| Data for analysis |

++++++++++++++++++++

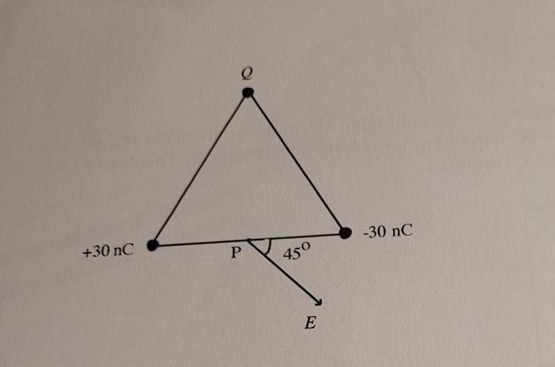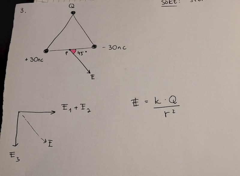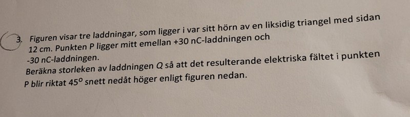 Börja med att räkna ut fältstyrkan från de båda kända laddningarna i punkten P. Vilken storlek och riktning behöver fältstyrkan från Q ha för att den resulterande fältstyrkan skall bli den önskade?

++++++++++++++++++++

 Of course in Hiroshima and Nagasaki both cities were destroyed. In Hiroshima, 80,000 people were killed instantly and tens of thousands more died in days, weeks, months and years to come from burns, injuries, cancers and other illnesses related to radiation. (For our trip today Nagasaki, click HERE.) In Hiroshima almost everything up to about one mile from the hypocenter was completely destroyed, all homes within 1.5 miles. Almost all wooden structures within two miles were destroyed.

++++++++++++++++++++

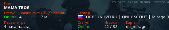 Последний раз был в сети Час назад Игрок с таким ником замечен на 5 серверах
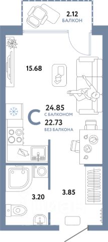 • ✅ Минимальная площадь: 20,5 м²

++++++++++++++++++++

| Problem requirements |
In the listing above, find the line with "Последний раз был" and the line with "площадь: 20,5 м²". Copy exactly those two and every line between, without the pictures.

| Worked solution |
 Последний раз был в сети Час назад Игрок с таким ником замечен на 5 серверах
 • ✅ Минимальная площадь: 20,5 м²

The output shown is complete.